Да какое там сядь посиди, когда в блоке шестеро и четыре аппарата. Не помню как, но я еле дожил до прихода смены.

– Андрюха, – сказал я наутро Орликову, – тошнит меня что-то, слабость, ноги как чужие и руки смотри как дрожат! Что это все значит?

– Это значит, Леха, что ты совсем дошел! – нахмурившись, произнес Андрей Вячеславович. – Ты посмотри на себя, скелет настоящий, тебя что, теща совсем не кормит? Пожрать тебе надо хорошенько, и все пройдет!

Дома я попробовал хорошенько пожрать, как велел мне старший товарищ, но кусок не лез в глотку, вместо этого я проспал двенадцать часов. Тошнить стало меньше, но слабость и дрожь в конечностях не проходили.

– Я тут вот что еще подумал, – строго, как настоящий врач и клиницист, начал Орликов на следующем дежурстве, – похоже, глисты у тебя! Нужно у Царьковой декарис спереть, хорошее средство, говорят.

Сказано – сделано. Я послушно погрыз ворованный декарис, прислушался к себе, но эффекта, как ни старался, не ощутил.

Зато еще через пару дней обнаружил у себя на темени здоровенную шишку, она мешала лежать на левом боку, когда я устраивался передохнуть в сестринской во время очередной суточной вахты.

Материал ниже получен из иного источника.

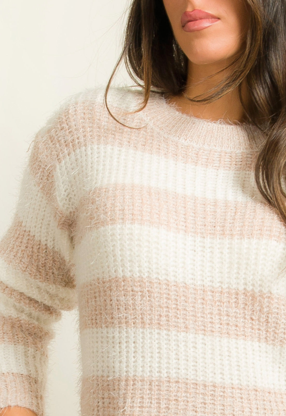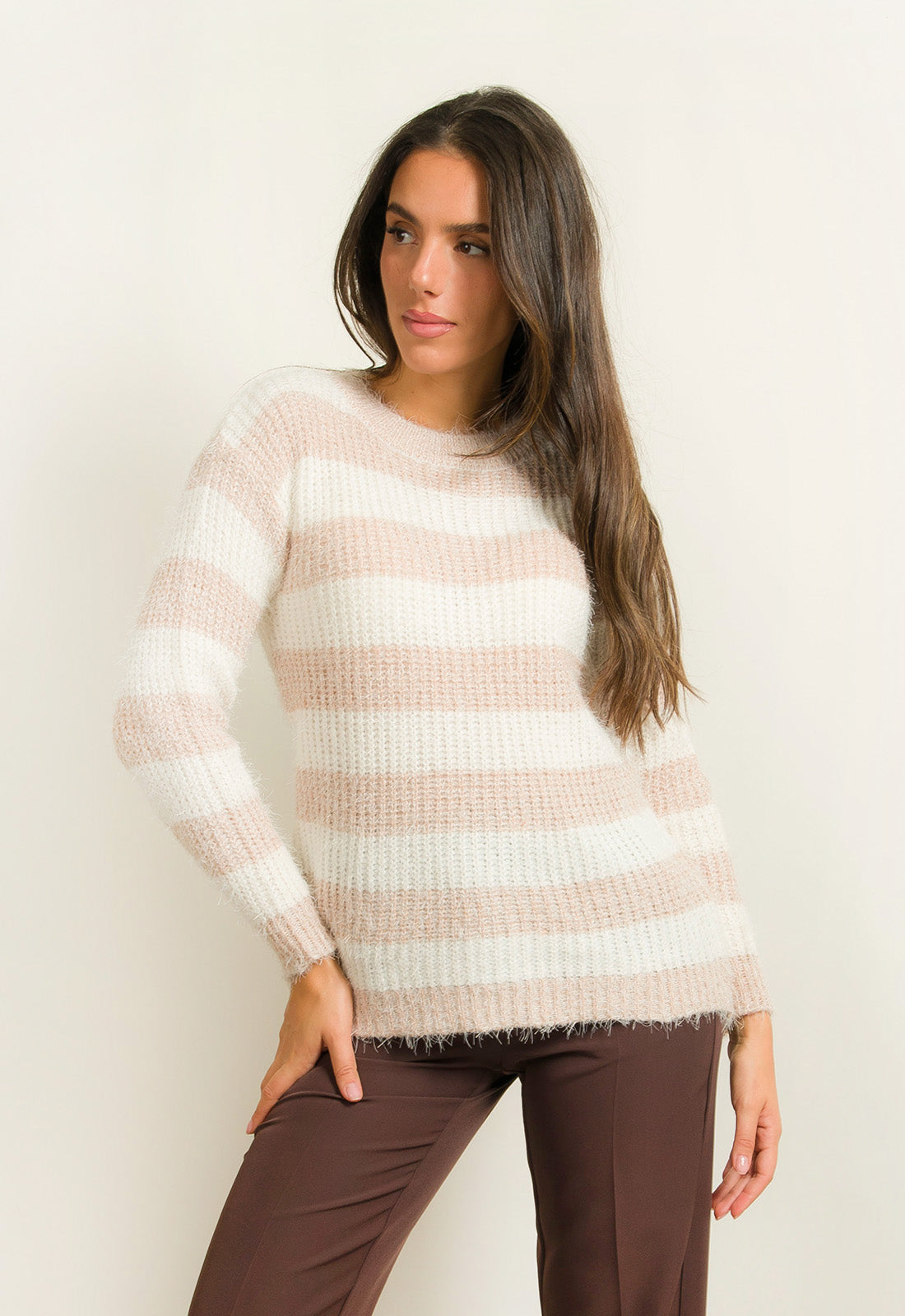 -Πλεκτό ριγέ με πολύ μαλακό τρίχωμα

“Ух ты! Какая у меня шишка здоровая, почти с кулак. – Я стал удивленно ощупывать голову. – Когда же я получил-то ее, вроде не дрался ни с кем?”

И тут вспомнил.

– Да, батенька! – сообщил мне наутро доктор Винокур, водя у меня перед глазами молоточком. – Нистагм у тебя – будь здоров, да и сам ты на себя в зеркало смотрел? Ты же зеленого цвета!

Я сидел в кабинете эходиагностики, который по вечерам служил нейрохирургам комнатой отдыха. Меня сюда Орликов затащил, когда я ему поведал про шишку и про полку с книгами.

– Так я сразу и подумал, – обрадовался Андрюша, – что у тебя эта дистония центрального характера! Пошли скорее в нейрохирургию, береженого бог бережет!

– Береженого бог бережет! – заверил Винокур, делая мне “эхо”. – Нет, все в порядке, смещения нет, но я бы тебе советовал пару недель на больничном побыть. А хочешь, госпитализируем тебя?

Я решительно отказался, заявив, что крепкий сон и покой я и в домашних условиях получить смогу. Про дежурства свои я как-то сразу не подумал. Вероятнее всего, опять забыл. Коварная она, эта ретроградная амнезия.

Да все бы ничего, я и с работой своей наверняка бы разобрался. И не такое, как говорится, выдерживали, но тут…

…Но тут заболела Лена. У нее началась очень сильная ангина, с лихорадкой, интоксикацией, и хотя ей была предложена госпитализация, мы решили справиться сами. Да мы бы и справились, подумаешь, ситуация банальная, полоскание да антибиотики в инъекциях. Требовалось только колоть вовремя. А когда я дежурил, меня подменяла соседка, бывшая медсестра.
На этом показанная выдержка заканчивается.